Along with the exploration going to a deeper and finer status, the role of long noncoding RNAs (lncRNAs) in the formation of tamoxifen resistance attracts much more attention15,16,17. LncRNAs are a class of RNA molecules more than 200 nucleotides in length and without protein-coding capacity18,19. They participates in all levels of nuclear architecture and gene expression, involving in telomere stability, long range DNA looping and trans-chromosomal interactions, X-chromosome inactivation, imprinting, formation of nuclear sub-compartments, fine regulation of epigenetic modification, regulation of RNA splicing and maturation, control of mRNA and protein stability20,21,22. It has been demonstrated that the dysregulation of lncRNA is associated with various kinds of human diseases, such as cancers, diabetes, chronic hepatitis C, ankylosing spondylitis, autism spectrum disorder23,24,25,26,27. Its predicted value for prognosis has been confirmed in several cancers including lung cancer, gallbladder cancer, ovarian cancer, gastric cancer and colorectal cancer28,29,30,31,32,33. Accordingly, previous studies had identified that overexpression of LncRNA BCAR4 in tamoxifen-sensitive ZR-75-1 cells blocked the anti-proliferative effects of tamoxifen, increasing the tamoxifen resistance34,35. Nevertheless, limited number of LncRNAs were proposed as clinically relevant biomarkers for tamoxifen resistance, and searching a lncRNA signature might be concrete predictive and prognostic value in the management of ER-positive BC receiving tamoxifen.

In this study, we used data acquired from The Cancer Genome Atlas (TCGA, http://cancergenome.nih.gov/) and Gene Expression Omnibus (GEO, https://www.ncbi.nlm.nih.gov/gds) whose gene expression microarray data can be mined to develop LncRNAs profiling36 to identify the predicted effects of lncRNAs on the relapse of ER-positive BC patients treated with tamoxifen.

Materials and Methods

ER-Positive BC treated with tamoxifen Datasets

ER-positive BC datasets corresponding clinical data were downloaded from the GEO and TCGA as training and external validation series, respectively. Only the ER-positive BC patients who were primarily treated with tamoxifen as the unique endocrine therapy other than mixed endocrine therapy such as alternative aromatase inhibitors (AIs) were included. The endpoint is defined relapse free survival (RFS), which is an interval from time of BC diagnosed to disease relapse or metastasis. GSE17705 dataset was screened, and 298 eligible patients treated with tamoxifen for 5 years with clinicopathological and survival data were included in our study as training cohort. After removing corresponding BC patients from TCGA database without clinicopathological data such as age, AJCC stage, LNR, chemotherapy and relapse or progress status, 160 ER-positive BC patients were enrolled finally, which were applied for validation cohort and nomogram construction. Eligible samples were identified from GSE17705 (n = 298) on basis of Affymetrix HG-U133A platform and TCGA dataset (n = 160), whose clinicopathological characteristics in two datasets are presented in Table 1.
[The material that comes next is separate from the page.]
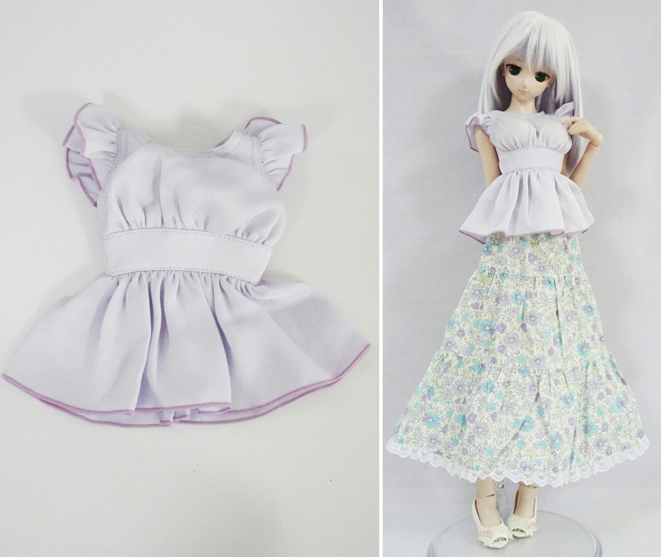 【単品】DDS/DD(S.M)/SD/スマートドール(S) フリルセーラーブラウス/半袖(ベージュチェック)

Table 1 Clinical Characteristics of the Patients.

LncRNA Expression Data Processing and Profile Mining

Raw microarray data files of GSE17705 was retrieved from GEO database, and we adjusted the background using the Robust Multichip Average (RMA) algorithm actualized by R package ‘affy’37. LncRNA profile mining was mainly referenced to method proposed by Du et al.38. Briefly, we mapped the probe sets IDs from Affymetrix HG-U133A to human genome, and SeqMap39 was used to avoid mismatching. Then, the chromosomal positions according these probe IDs were used to identify corresponding positions of LncRNA. Finally, 569 annotated lncRNA transcripts with 742 corresponding Affymetrix probe IDs were generated. The expression profiling of multiple probe IDs mapped to unique LncRNA was calculated as arithmetic mean of the values. Similarly, we downloaded expression information from TCGA BC RNA-sequencing database of LncRNA using The Atlas of Noncoding RNAs Cancer (TANRIC)40, and then annotated each included sample according to barcode ID.

Statistical

To identify LncRNAs predictive of a RFS, a univariate Cox proportional hazards regression analysis was performed to assess relationship between expression of LncRNAs level and RFS among training series, which was considered statistically significant if their P values were less than or equal to 0.01. Then we conducted stepwise multivariate Cox hazard regression analysis using above LncRNAs to yield a set of genes ultimately that had independent effects on RFS, and a relapse risk score (RRS) for predicting RFS was calculated by taking into account the expression of gene and correlation coefficient as following:

$$RRS=\sum _{i=1}^{n}({\rm{E}}({\rm{i}})\ast C(i))$$
(1)

where n is the number of selected LncRNAs, E is the expression level of LncRNAs and C is the coefficient generated from multivariate Cox regression. Considering the practice of this prognostic model, we assigned each patient a RRS combined linearly by expression of significant LncRNAs and their respective coefficients. Then, we divided training and validation cohort into low-risk group and high-risk group according to RRS, respectively, and the third quantile RRS is defined as the cut-off value depended on receiver operating characteristic (ROC). RFS curve was estimated between high-risk group and low-risk group using Kaplan Meier method, and log-rank tests were used to evaluate the differences between them. ROC curve was conducted to assess sensitivity and specificity of this RRS on basis of selected LncRNAs. To further analysis the independent association between RRS and RFS, univariate and multivariate Cox proportional hazards regressions were applied using clinicopathological factors and RRS. This action was executed only within TCGA cohort, which had relatively comprehensive clinical data. Additionally, a nomogram including factors mentioned before was constructed, and validated internally through 200 bootstrap resamples. Concordance index (C-index) was calculated for the evaluation of the performance of predicting and discrimination ability by test concordance between predicted probability and actual outcome. Similarly, to achieve visualization, calibration of this nomogram was conducted by comparing the predicted survival with the observed survival in both, and a 45-degree diagonal line was deemed to a perfectly calibrated model.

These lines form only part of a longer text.